I woke up this morning and the PH has come up to 6.79 since the CO2 has been off over night. So it looks like it's coming up to a that "perfect" target so to say which in reality really isn't perfect since some fish like lower but it's a good starting point. I think I will keep it off for a couple days so I can see where it settles at and go from there. I do have a drop checker but I am not sure how that correlates with this as that just shows the amount of CO2 being injected. 

Let's say it does come up to 7+. So a swing of 1 point would be ok? I was always told constant swings of more than .03 is bad for the fish. Is this not true? So would it be ok to set it to not go lower than 6.00? 

-Thanks


----------



## Zorfox (Jun 24, 2012)

Forget PH ranges, KH, charts, chemistry and everything else for a while. The truth is, you want to *SLOWLY* increase your CO2 one step at a time until you notice distress in your inhabitants. *Then* return to the setting you had just prior to that. This would be the highest possible level your setup can handle. Never increase CO2 unless you will be there to monitor your inhabitants reactions.


----------



## tetra73 (Aug 2, 2011)

Just want to add to the PH co2 chart. Your CO2 is safe because your CO2 level is hardly enough for optimal plant growth.
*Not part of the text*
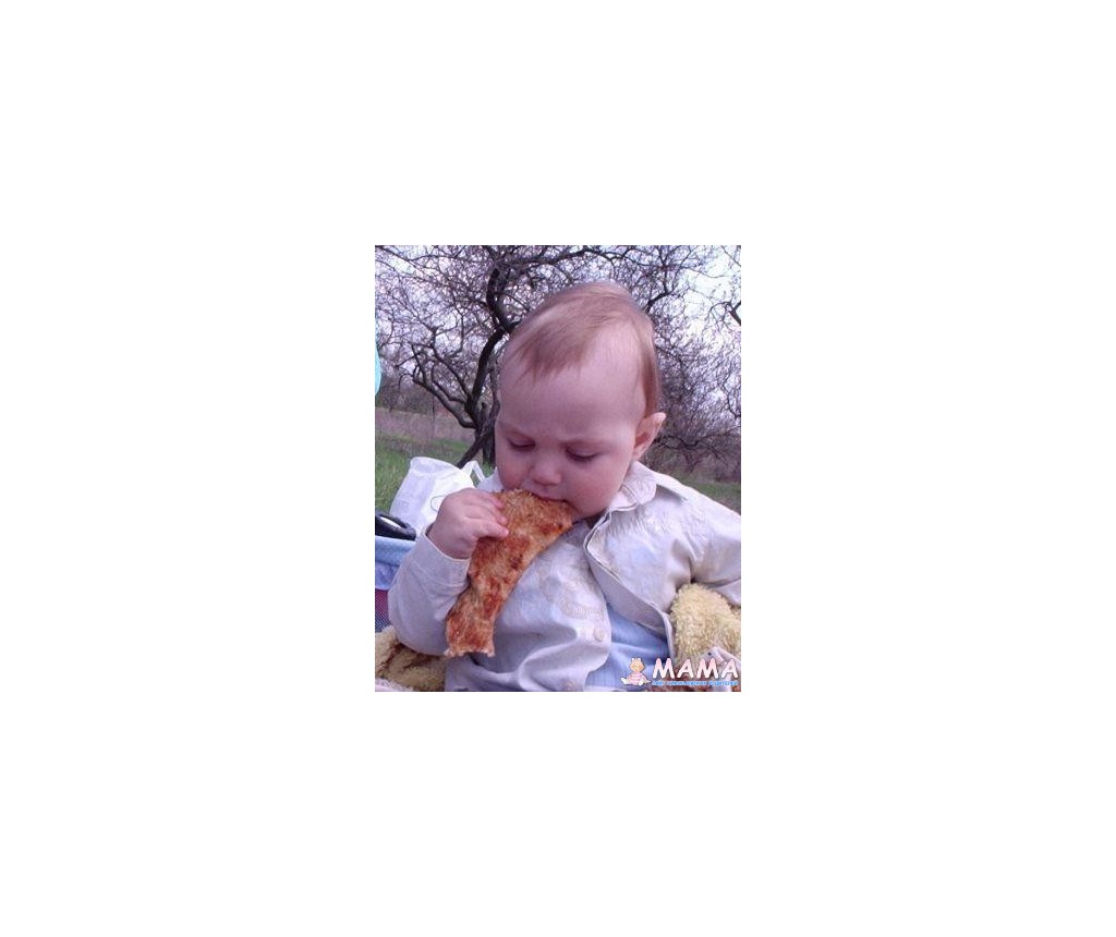 Вот нашла фотку. Пикник на Пасху. Детенышу 10,5 мес. Это приготовленный на решетке стейк из индюшиного филе. Сам процесс выглядел довольно забавно - откусывает кусочек, тщательно пережевывает и готовое "пюре" выплевывает

What is your KH level? Ideally, you should strive for 30ppm of CO2 level. Your plants can grow faster assuming you have all the necessary ferts. People turn up their CO2 really high, into the near 50ppm because they have a lot lighting. They want the plants to grow faster and healthier AND without having algae problems. My CO2 level is close to 50ppm. I have my CO2 to turn on 2 hours before the light comes on. It takes time for the CO2 level to reach to certain range. And I don't want my light to turn on until my CO2 level is above 30ppm. I don't know about your light intensity and your fert dosing methods. Is hard to say if you should or shouldn't try to increase your CO2 level.


----------



## tetra73 (Aug 2, 2011)

Zorfox said:


> Forget PH ranges, KH, charts, chemistry and everything else for a while. The truth is, you want to *SLOWLY* increase your CO2 one step at a time until you notice distress in your inhabitants. *Then* return to the setting you had just prior to that. This would be the highest possible level your setup can handle. Never increase CO2 unless you will be there to monitor your inhabitants reactions.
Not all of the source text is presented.